▸ **WHAT YOU SHOULD DO**: Write out exactly, excluding pictures, the lines from the one containing "Stone Mountain is" through the end of the data, both included.

(Stored items)
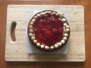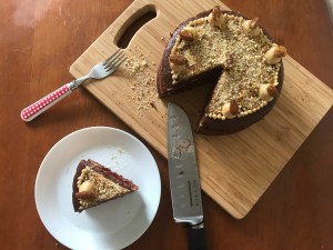 In a small bowl, mix the raspberry jam so that is looser and easier to spread. Give the pastry cream a mix and then transfer about three-quarters of it to a piping bag. Cut off a 1cm hole from the end. In a food processor, blitz the praline up into a fine crumb. Now you are ready to assemble the cake.
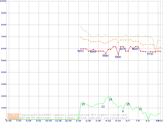 Socket A (OPGA,FSB 266MHz,L2 256KB,Thoroughbred)の最安値推移
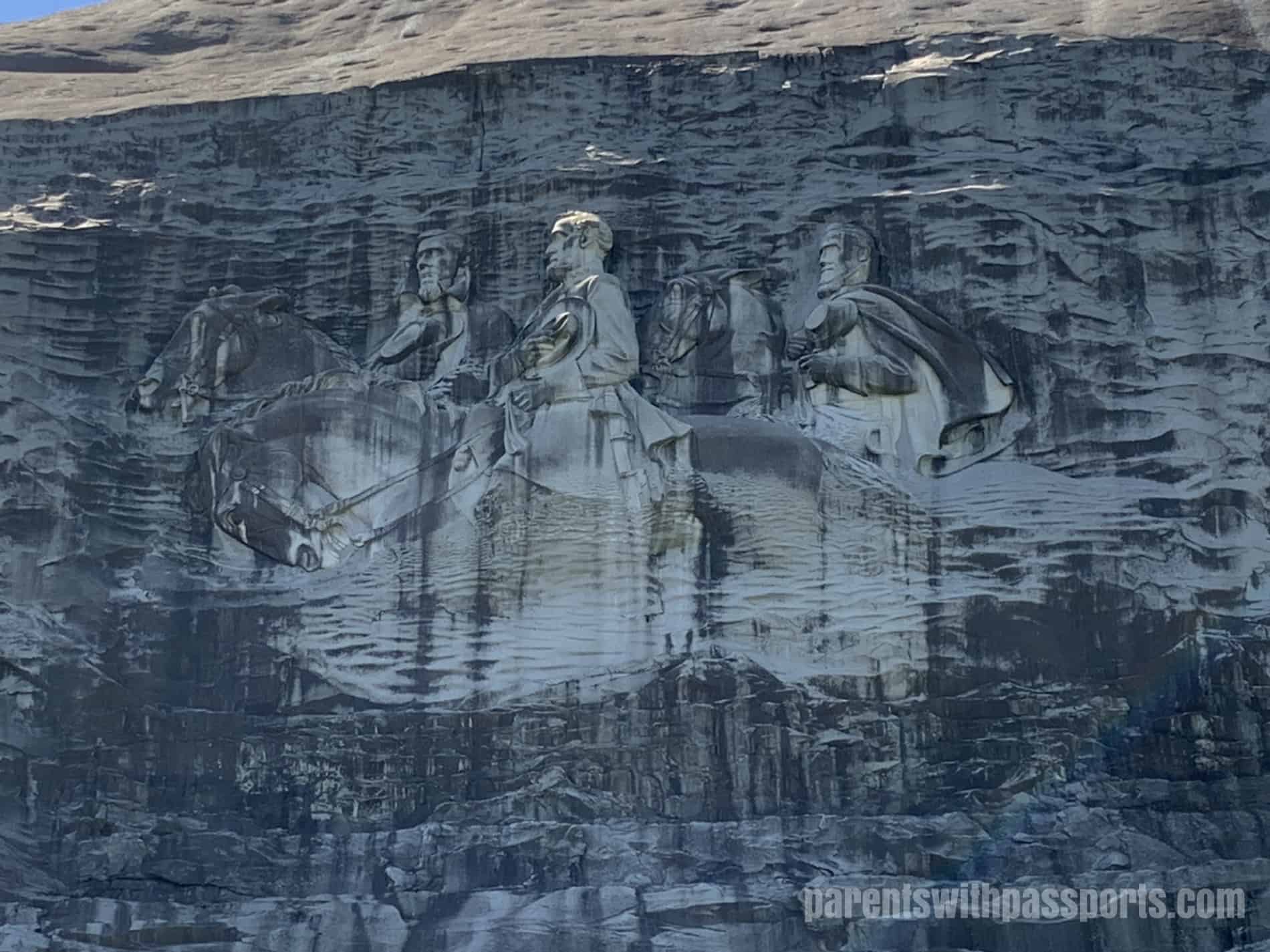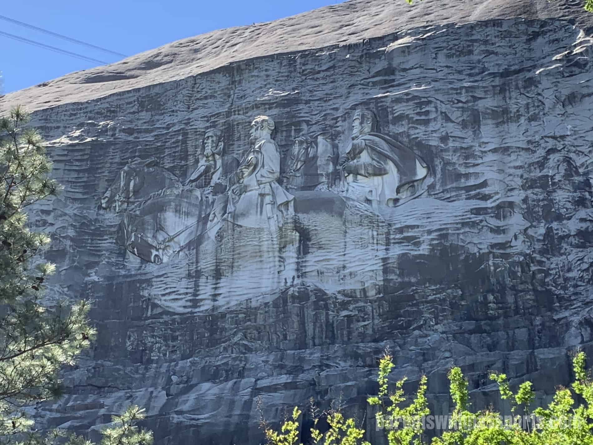 Stone Mountain is at once a popular attraction and a controversial monument.  The mountain has historical ties to the Klu Klux Klan and its record-breaking sculpture is in fact a Confederate memorial.  The three men carved into the side of the mountain are Confederate President Jefferson Davis and Confederate Generals Robert E. Lee and Thomas “Stonewall” Jackson.
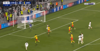 第90+4分钟,朗斯门将里塞出击失误,托利索助攻18岁小将安贝尔吊入空门,里昂2-2绝平。
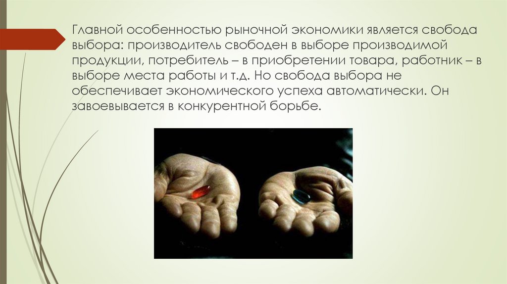 Главной особенностью рыночной экономики является свободавыбора: производитель свободен в выборе производимой
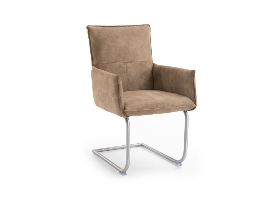 Beständigkeit und Langlebigkeit sind dank der Materialwahl garantiert: Das Gestell besteht aus gebürstetem Edelstahl, das durch seine Robustheit überzeugt und gleichzeitig eine ästhetische Note setzt. Der pflegeleichte Bezug des Stuhls wird aus Microfaser in der Farbe schlamm hergestellt, die nicht nur angenehm weich ist, sondern sich auch durch ihre Strapazierfähigkeit auszeichnet.

▸ **OUTPUT BELOW**:
 Stone Mountain is at once a popular attraction and a controversial monument.  The mountain has historical ties to the Klu Klux Klan and its record-breaking sculpture is in fact a Confederate memorial.  The three men carved into the side of the mountain are Confederate President Jefferson Davis and Confederate Generals Robert E. Lee and Thomas “Stonewall” Jackson.
 第90+4分钟,朗斯门将里塞出击失误,托利索助攻18岁小将安贝尔吊入空门,里昂2-2绝平。
 Главной особенностью рыночной экономики является свободавыбора: производитель свободен в выборе производимой
 Beständigkeit und Langlebigkeit sind dank der Materialwahl garantiert: Das Gestell besteht aus gebürstetem Edelstahl, das durch seine Robustheit überzeugt und gleichzeitig eine ästhetische Note setzt. Der pflegeleichte Bezug des Stuhls wird aus Microfaser in der Farbe schlamm hergestellt, die nicht nur angenehm weich ist, sondern sich auch durch ihre Strapazierfähigkeit auszeichnet.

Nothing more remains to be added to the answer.